Sales and marketing expense in our first quarter of fiscal year 2009 was 24.0% of revenues, compared with 20.7% for the same quarter in the prior fiscal year. Sales and marketing expense was $9.1 million in our first quarter of fiscal year 2009, compared to $10.5 million during our first quarter of fiscal year 2008. The net decrease was primarily attributable to a reduction of $1.0 million in the expenses incurred for the production and mailing of our catalogs due to mailing fewer catalogs. The remaining difference is due to reductions in professional service fees and reductions in sales expense; partially offset by increases in advertising expense and personnel expense. Included in these figures, changes in foreign exchange rates caused sales and marketing expenses to decline by about 8.0%.
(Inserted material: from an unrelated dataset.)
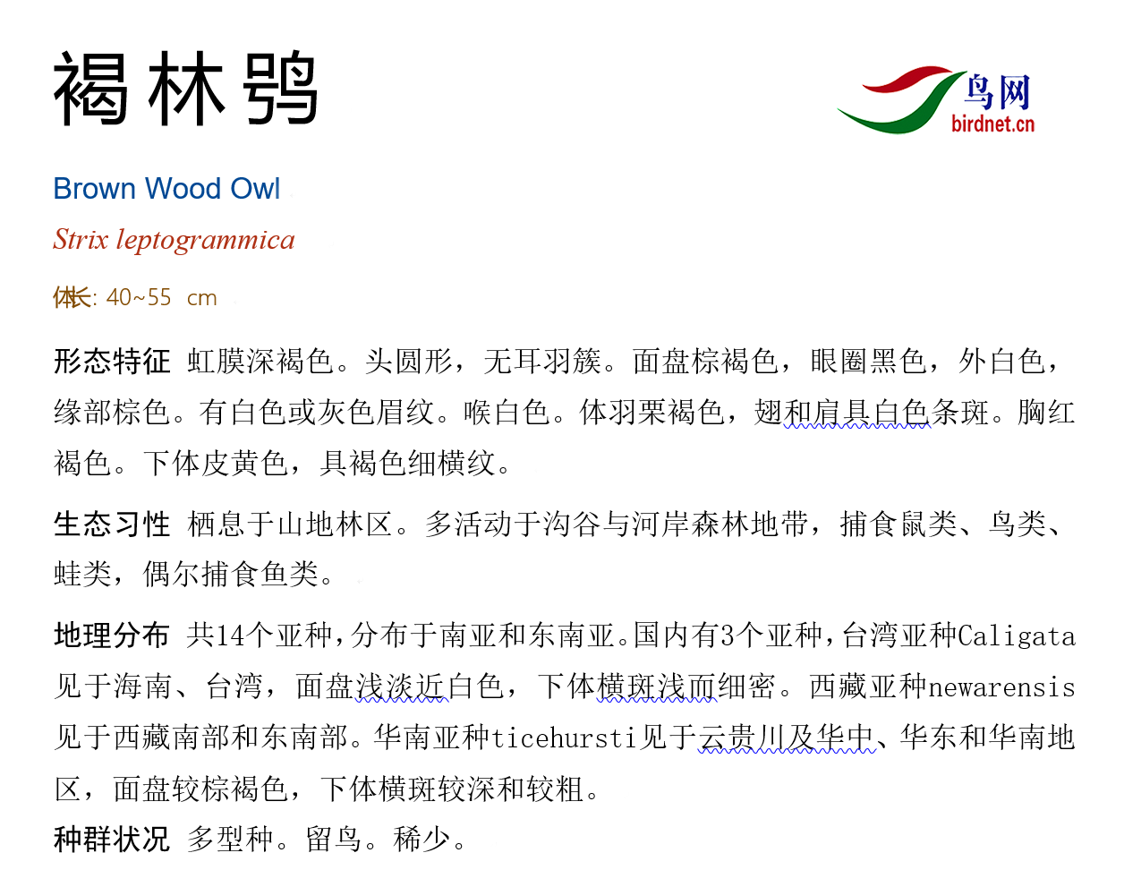 鸟种目科:鸮形目 > - 鸱鸮科 > - 褐林鸮

General and Administrative Expenses. G&A expense during our first quarter of fiscal year 2009 was $7.7 million, a decrease of $1.8 million compared to $9.5 million in our first quarter of fiscal year 2008. Approximately $0.6 million of this was due to reductions in cash and equity incentive compensation expenses in the first quarter of fiscal year 2009. Additionally, our first quarters of both fiscal year 2009 and fiscal year 2008 included significant items not associated with current operations:

 

   

Our first quarter of fiscal year 2009 included $0.4 million for costs associated with exploring a potential sale of the company, including non-contingent transaction contribution bonuses for certain employees, principally in our finance and accounting department, as well as legal fees and special committee fees, and $0.4 million of restructuring costs incurred as a result of our November staff reductions.

 

   

Our first quarter of fiscal year 2008 included $0.8 million in one-time professional service fees, $0.3 million related to lapsed stock options and $0.2 million for contingency accruals.

The remainder of the difference was due to various cost reduction actions.

Again, despite the reduction in our absolute expenditure on G&A, the reduction in revenues resulted in G&A expense in our first quarter of 20.2% of revenues compared with 18.6% in the same quarter of our prior year.

Other Income (Expense), Net. Other income (expense), net consists primarily of interest income and foreign currency transaction gains and losses.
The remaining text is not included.